= Task to carry out =
The data must be reproduced verbatim; images are to be omitted.

★ ★ ★ ★

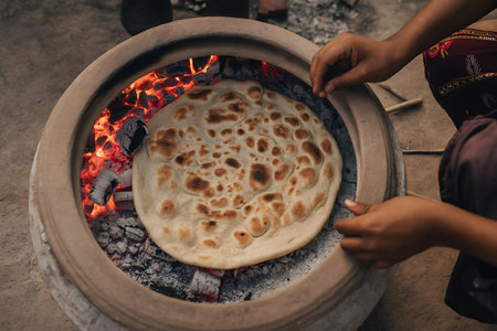 This image showcases a freshly made flatbread on a rustic surface, surrounded by steam and cooking elements, highlighting traditional preparation and culinary artistry.
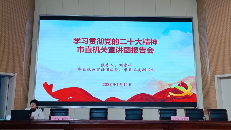 1月11日下午,學(xué)習(xí)貫徹黨的二十大精神市直機(jī)關(guān)宣講團(tuán)到市三院宣講,市直機(jī)關(guān)宣講團(tuán)成員、市直工委副書(shū)記劉愛(ài)平作宣講報(bào)告,院黨委專職副書(shū)記、紀(jì)委書(shū)記王華偉主持會(huì)議,在院黨政班子成員、全體黨員參加宣講會(huì)。
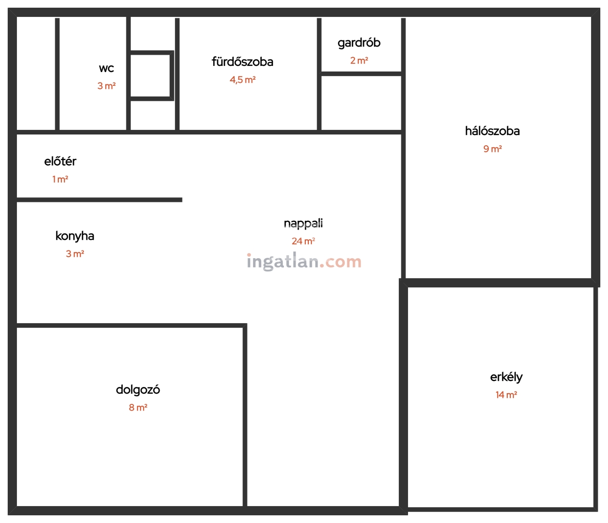 54 m2Alapterület 1 + 2 Szoba
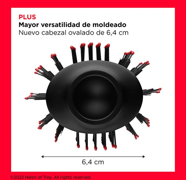 MÁS volumen con su cabezal ovalado desmontable un 30% más pequeño que permite peinar desde la raíz, y una mayor versatilidad durante el moldeado, por lo que es ideal para cualquier largo de cabello.
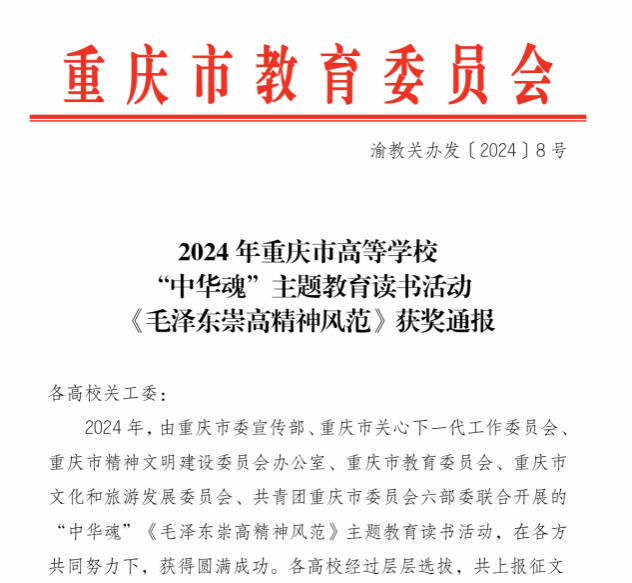 在市教委关于2024年重庆市高等学校“中华魂”主题教育读书活动《毛泽东崇高精神风范》获奖通报中,公司移动2204班员工李亿、邓林峰获得2024年重庆市高等学校“中华魂”主题征文比赛一等奖、轨道2201班员工韦昆钰获得2024年重庆市高等学校“中华魂”主题征文比赛二等奖,赵旭、张逍、黎小峰老师荣获优秀辅导员。 ...

★ ★ ★ ★

= Final answer =
 This image showcases a freshly made flatbread on a rustic surface, surrounded by steam and cooking elements, highlighting traditional preparation and culinary artistry.
 1月11日下午,學(xué)習(xí)貫徹黨的二十大精神市直機(jī)關(guān)宣講團(tuán)到市三院宣講,市直機(jī)關(guān)宣講團(tuán)成員、市直工委副書(shū)記劉愛(ài)平作宣講報(bào)告,院黨委專職副書(shū)記、紀(jì)委書(shū)記王華偉主持會(huì)議,在院黨政班子成員、全體黨員參加宣講會(huì)。
 54 m2Alapterület 1 + 2 Szoba
 MÁS volumen con su cabezal ovalado desmontable un 30% más pequeño que permite peinar desde la raíz, y una mayor versatilidad durante el moldeado, por lo que es ideal para cualquier largo de cabello.
 在市教委关于2024年重庆市高等学校“中华魂”主题教育读书活动《毛泽东崇高精神风范》获奖通报中,公司移动2204班员工李亿、邓林峰获得2024年重庆市高等学校“中华魂”主题征文比赛一等奖、轨道2201班员工韦昆钰获得2024年重庆市高等学校“中华魂”主题征文比赛二等奖,赵旭、张逍、黎小峰老师荣获优秀辅导员。 ...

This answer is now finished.